Glossary entry

French term or phrase:

(maison) meulière

English translation:

millstone grit/gritstone (house)

Added to glossary by Chanda Danley
Mar 17, 2007 17:08
17 yrs ago
3 viewers *
French term

mauliere

French to English Tech/Engineering Real Estate Type of Construction
Type de construction. Construction: Mauliere

No further context other than from a real estate website.

Thanks in advance.
Proposed translations (English)
3 +2 millstone grit (type of sandstone)
4 +3 =meulière = flint

Discussion

Chanda Danley (asker) Mar 17, 2007:
It certainly could be a mistake I guess...thanks for your help
katsy Mar 17, 2007:
Could it be 'meulière'? type of stone translated in my dictionary as 'millstone grit', but I don't know this field.
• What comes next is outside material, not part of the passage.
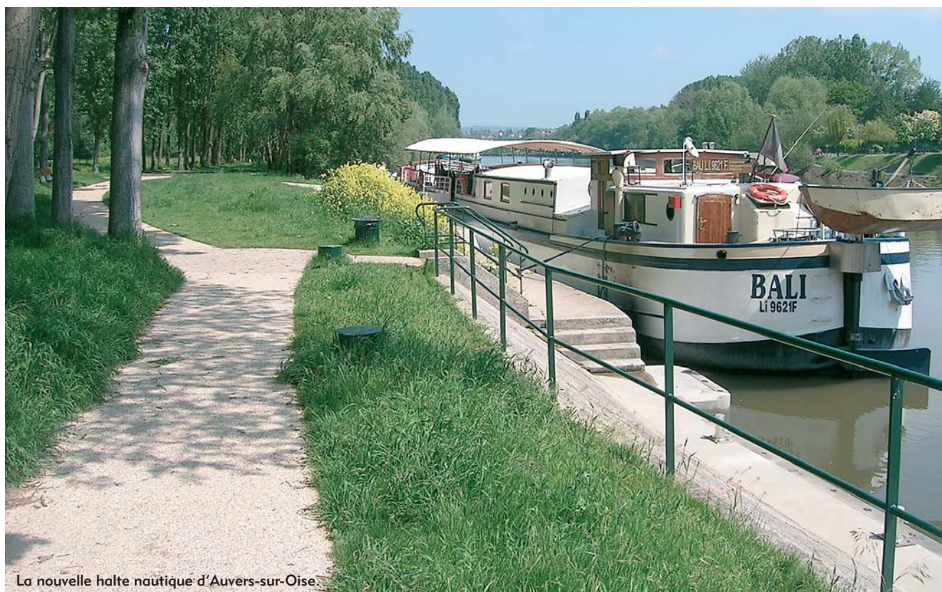
La nouvelle halte nautique d'Auvers-sur-Oise.

Le débarcadère et la halte d'Auvers-sur-Oise ont bénéficié d'une réhabilitation globale de la part de VNF permettant l'accueil de tous types de bateaux puisqu'ils sont équipés de francs bords variables facilitant également l'accès aux personnes à mobilité

Meulière is often seen in ads for houses though

Proposed translations

+2
5 hrs
Selected

millstone grit (type of sandstone)

As katsy pointed, the real UK cultural equivalent, based on what the similar siliceous rock deposits in Britain have long been called, seems to be "millstone grit". Not quite the same stuff as the black flint rocks that crystallised within the vast chalk deposit underlying a good part of France and Britain and now tumble onto the beaches as the white cliffs erode. But all made mostly of silica.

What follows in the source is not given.